== Exercise material ==

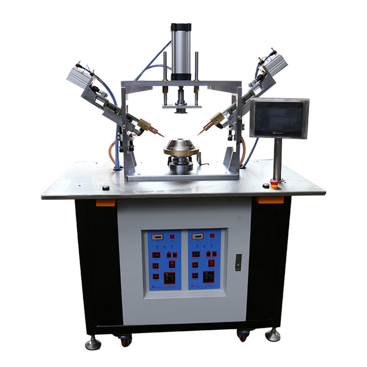 推薦安全氣囊專用點焊機,改點焊機根據客戶提供的工件特性,借鑒UN-100KVA氣動交流對焊機對點凸焊機的特點綜合設計而成,焊接安全氣囊,要求焊接牢固并滿足破壞性實驗要求,整體性能穩定,囊體外形不變,工作時將焊接工件放置到夾具上,連接端進行壓緊定位,傳感器檢測啟動,18B控制器夾具自動旋轉(或手動旋轉手輪)移動焊點位置,自動完成焊接。
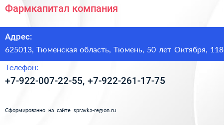 Фармкапитал, компания по адресу 625013, Тюменская область, Тюмень, 50 лет Октября, 118 в дальнейшем Организация, размещена в следующих категориях:
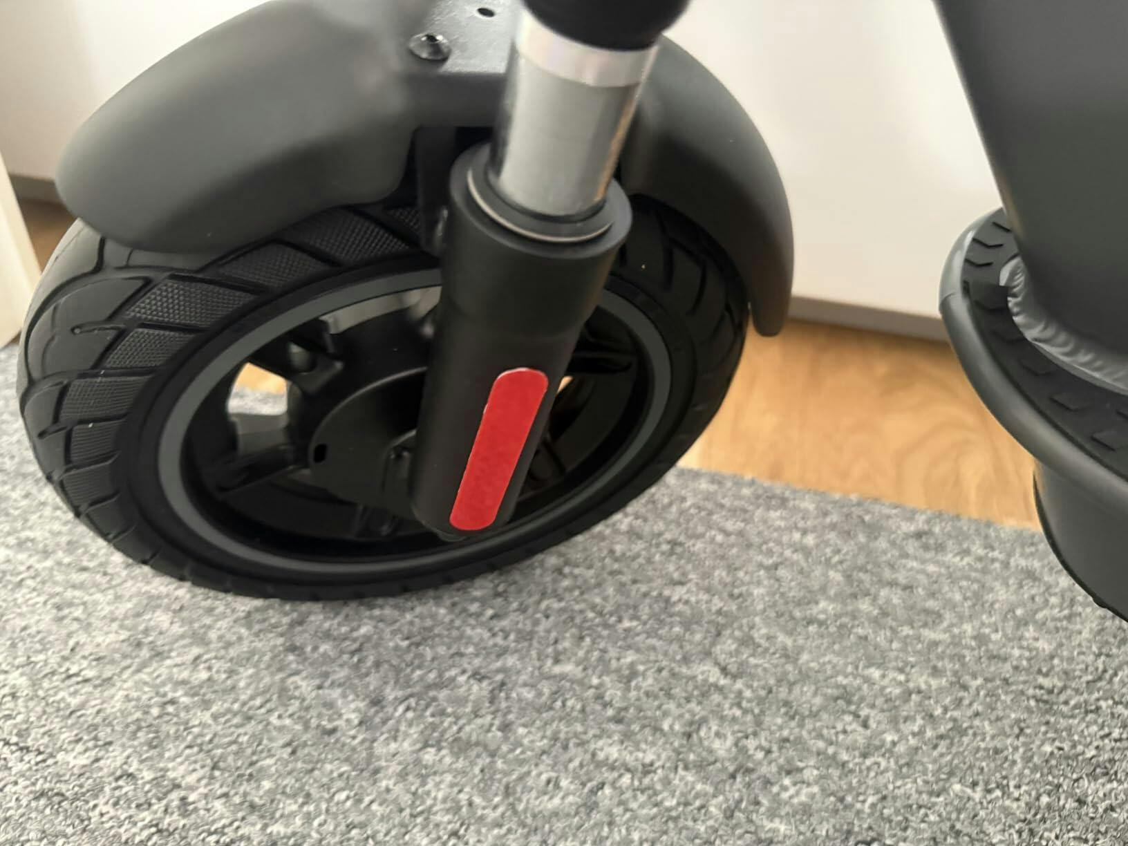 Die Federung und die Reifen bieten einen angenehmen Fahrkomfort, selbst auf leicht unebenen Wegen. Besonders praktisch finde ich auch die Klappfunktion, mit der man den Scooter leicht transportieren oder im Kofferraum verstauen kann.
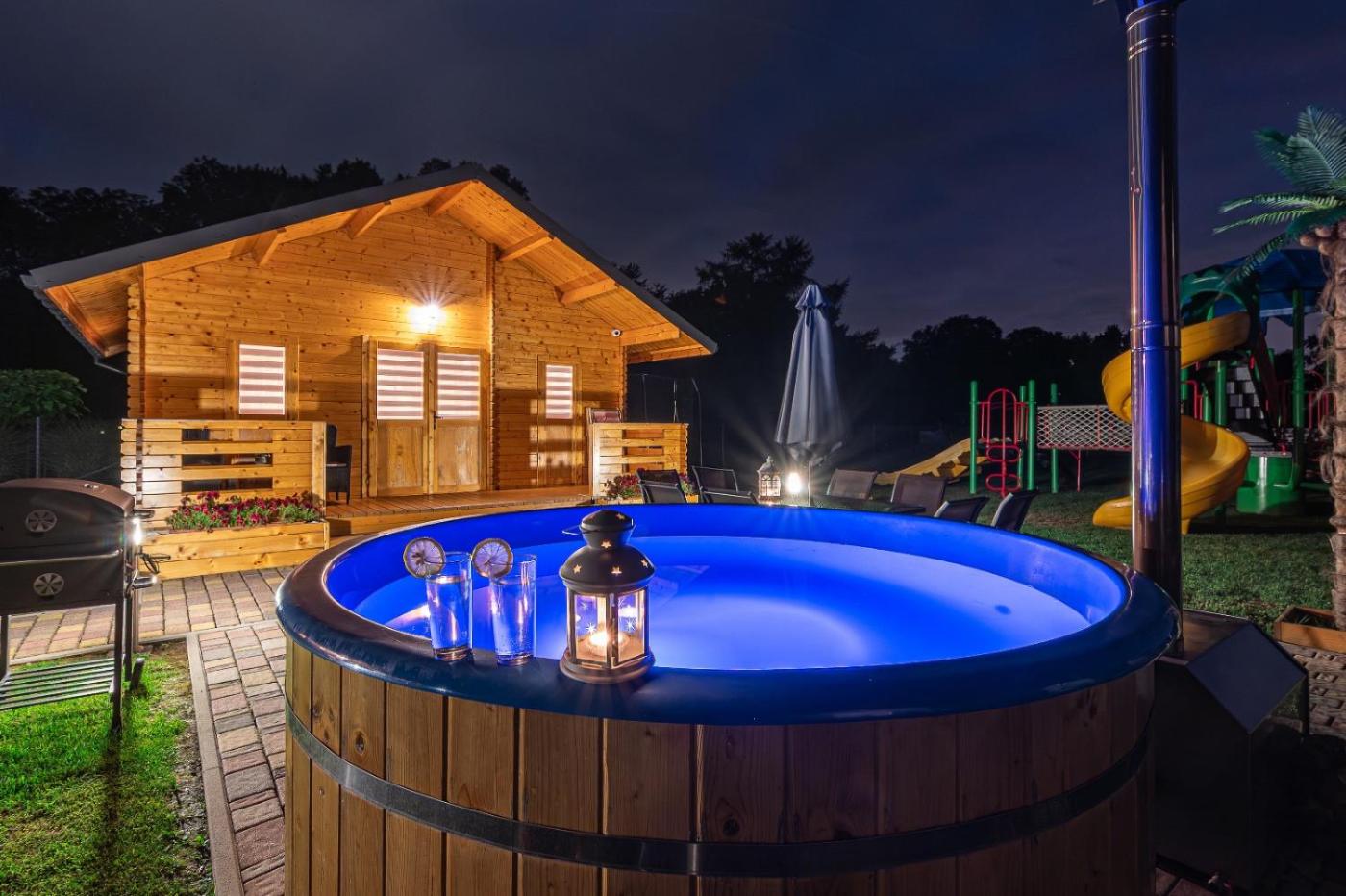 Na terenie obiektu Nocleg Zator Domki Paradise Pod Palmami znajduje się plac zabaw i sprzęt do grillowania.
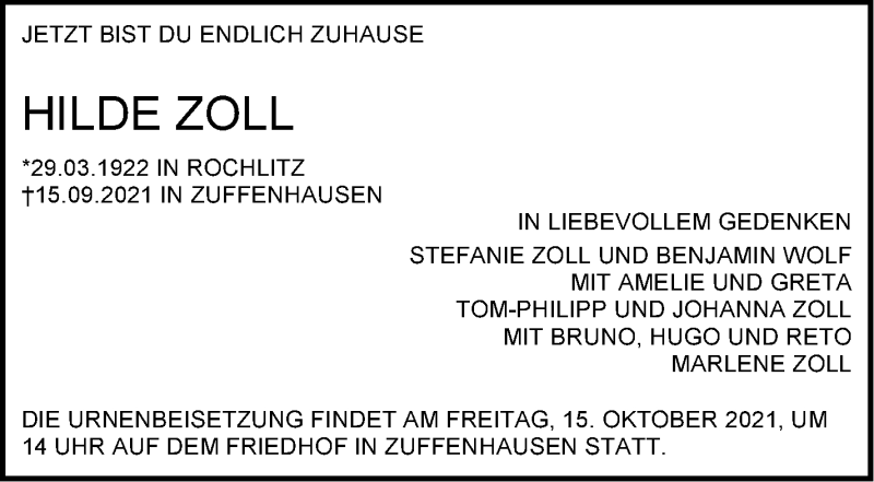 Hier finden Sie alle Traueranzeigen aus der Zeitung, die bisher für Hilde Zoll erschienen sind. Weitere Traueranzeigen, die in der Zeitung erscheinen, werden hier ebenfalls aufgelistet
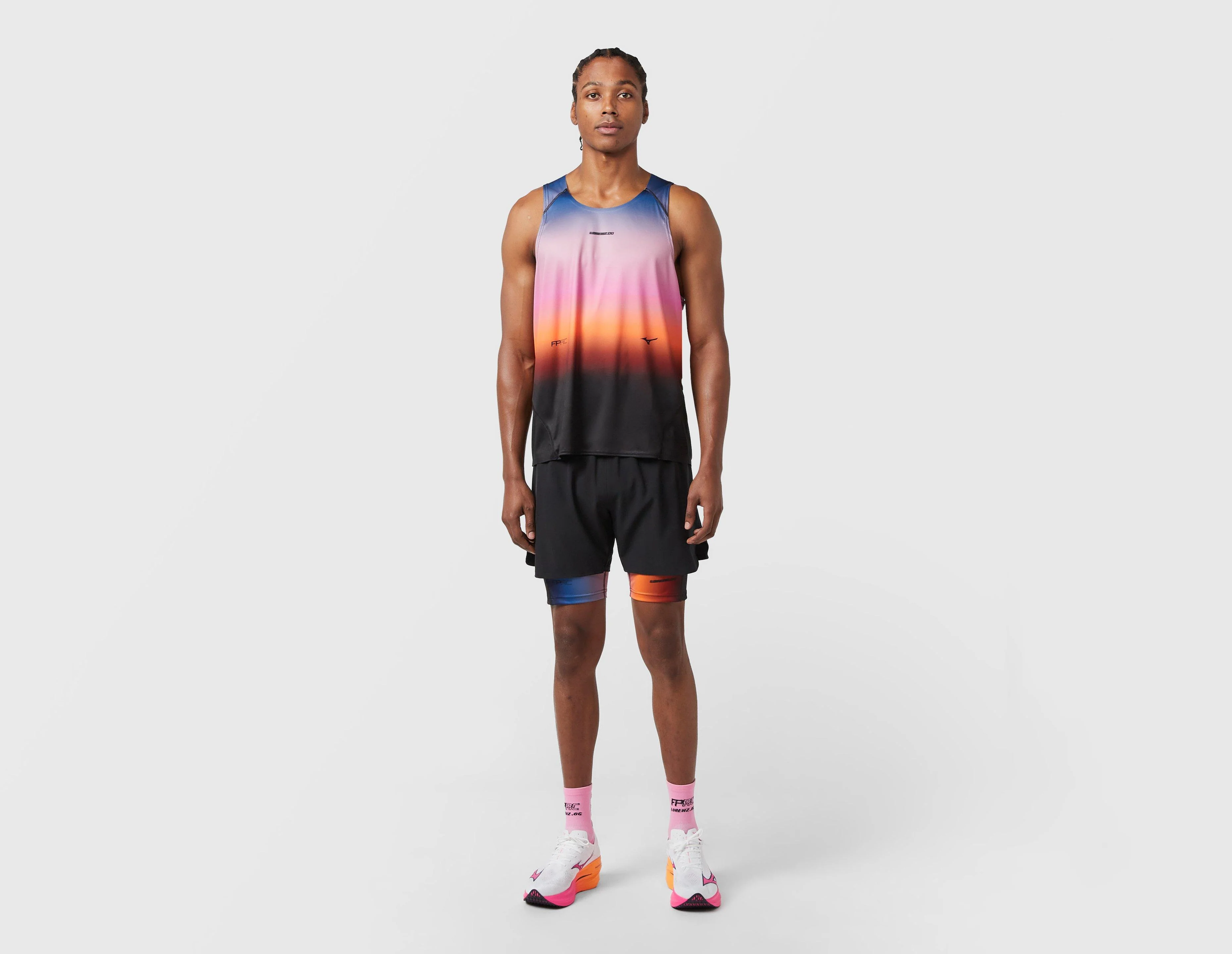 LORENZ.OG debuts his first-ever running collection with Mizuno and Footpatrol, introducing * FIRST LIGHT *. Constructed from lightweight recycled materials, the Tech Vest features a new gradient colour scheme seen throughout the collection, inspired by early sunrise and paying tribute to runners who meet the day's beginning. Co-branding across the design confirms the collaboration. | our model is 6'2" and wears a size medium
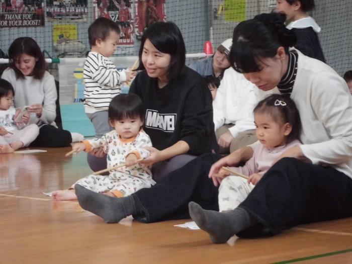 そしてカエルになってぴょんぴょん飛び跳ねたり、太鼓のばちをもっておおきなたいこ、ちいさなたいこをたたいてみたり盛りだくさんの30分間、親子で楽しく過ごす姿が見られました。
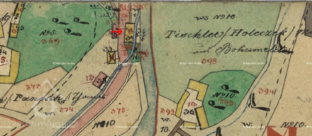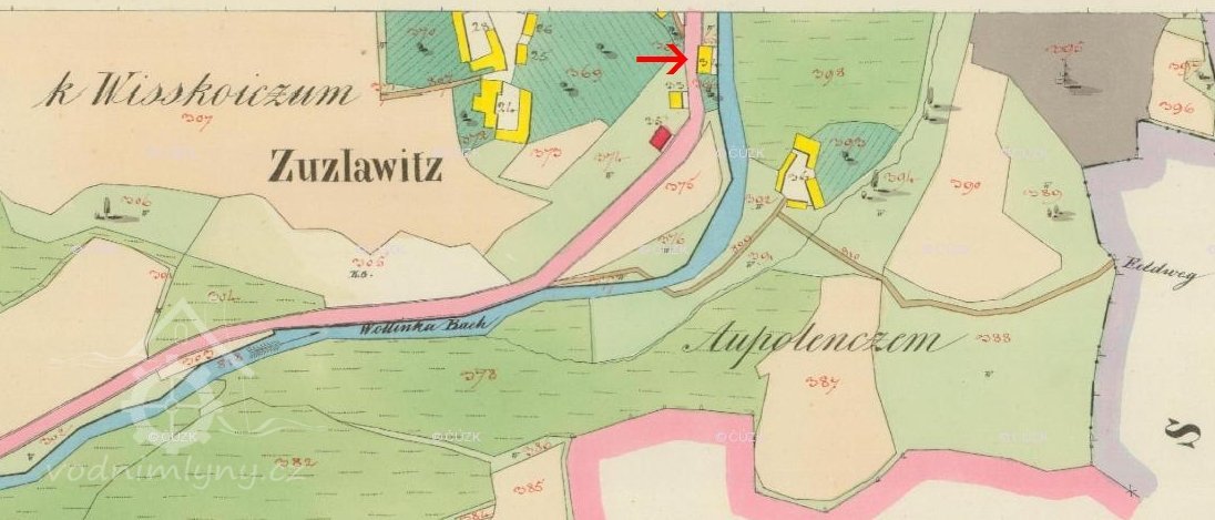 Mlýn nejspíš získal vodní pohon až po roce 1837. Náhon je zakreslen na Indikační skice, ale na Císařském otisku chybí.
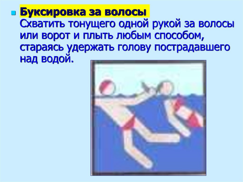 Буксировка за волосыСхватить тонущего одной рукой за волосы
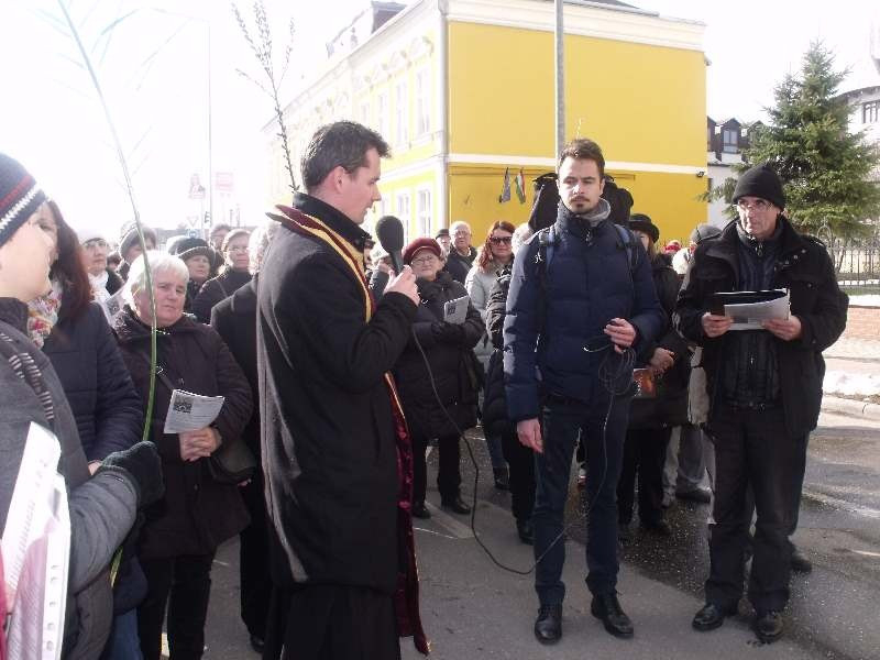 Az idén elhangzott elmélkedéseket Bosák Nándor püspök írta, még az irgalmasság évében. A Szent Antal-plébánia kápolnájától indult a menet. Felföldi László helynök, plébános bevezetőjében visszaemlékezett a huszonhét évvel ezelőtti, első városi keresztútra. Ezután Kis István prelátus mondta el az első stációhoz kapcsolódó elmélkedést.
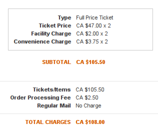 Just bought some tickets on Ticketmaster and couldn't believe all the little fees that they add on. Why can't they just bundle these charges in to the ticket price? The "order processing fee", although it is added on to the "order" not the ticket, could also be bundled in to their overall costs. Make it a fixed cost per ticket rather than a cost per order. The "order processing fee" was especially annoying because when I was asked to select how I wanted my tickets (standard mail, express mail, pick-up, etc...) I chose standard mail because it said "Free." What is the "convenience charge" anyways? Just put everything together in to one fee and tell what it is up front. Break-it down later if you want.

===

Could you copy the listing exactly, leaving out any pictures?

 推薦安全氣囊專用點焊機,改點焊機根據客戶提供的工件特性,借鑒UN-100KVA氣動交流對焊機對點凸焊機的特點綜合設計而成,焊接安全氣囊,要求焊接牢固并滿足破壞性實驗要求,整體性能穩定,囊體外形不變,工作時將焊接工件放置到夾具上,連接端進行壓緊定位,傳感器檢測啟動,18B控制器夾具自動旋轉(或手動旋轉手輪)移動焊點位置,自動完成焊接。
 Фармкапитал, компания по адресу 625013, Тюменская область, Тюмень, 50 лет Октября, 118 в дальнейшем Организация, размещена в следующих категориях:
 Die Federung und die Reifen bieten einen angenehmen Fahrkomfort, selbst auf leicht unebenen Wegen. Besonders praktisch finde ich auch die Klappfunktion, mit der man den Scooter leicht transportieren oder im Kofferraum verstauen kann.
 Na terenie obiektu Nocleg Zator Domki Paradise Pod Palmami znajduje się plac zabaw i sprzęt do grillowania.
 Hier finden Sie alle Traueranzeigen aus der Zeitung, die bisher für Hilde Zoll erschienen sind. Weitere Traueranzeigen, die in der Zeitung erscheinen, werden hier ebenfalls aufgelistet
 LORENZ.OG debuts his first-ever running collection with Mizuno and Footpatrol, introducing * FIRST LIGHT *. Constructed from lightweight recycled materials, the Tech Vest features a new gradient colour scheme seen throughout the collection, inspired by early sunrise and paying tribute to runners who meet the day's beginning. Co-branding across the design confirms the collaboration. | our model is 6'2" and wears a size medium
 そしてカエルになってぴょんぴょん飛び跳ねたり、太鼓のばちをもっておおきなたいこ、ちいさなたいこをたたいてみたり盛りだくさんの30分間、親子で楽しく過ごす姿が見られました。
 Mlýn nejspíš získal vodní pohon až po roce 1837. Náhon je zakreslen na Indikační skice, ale na Císařském otisku chybí.
 Буксировка за волосыСхватить тонущего одной рукой за волосы
 Az idén elhangzott elmélkedéseket Bosák Nándor püspök írta, még az irgalmasság évében. A Szent Antal-plébánia kápolnájától indult a menet. Felföldi László helynök, plébános bevezetőjében visszaemlékezett a huszonhét évvel ezelőtti, első városi keresztútra. Ezután Kis István prelátus mondta el az első stációhoz kapcsolódó elmélkedést.
 Just bought some tickets on Ticketmaster and couldn't believe all the little fees that they add on. Why can't they just bundle these charges in to the ticket price? The "order processing fee", although it is added on to the "order" not the ticket, could also be bundled in to their overall costs. Make it a fixed cost per ticket rather than a cost per order. The "order processing fee" was especially annoying because when I was asked to select how I wanted my tickets (standard mail, express mail, pick-up, etc...) I chose standard mail because it said "Free." What is the "convenience charge" anyways? Just put everything together in to one fee and tell what it is up front. Break-it down later if you want.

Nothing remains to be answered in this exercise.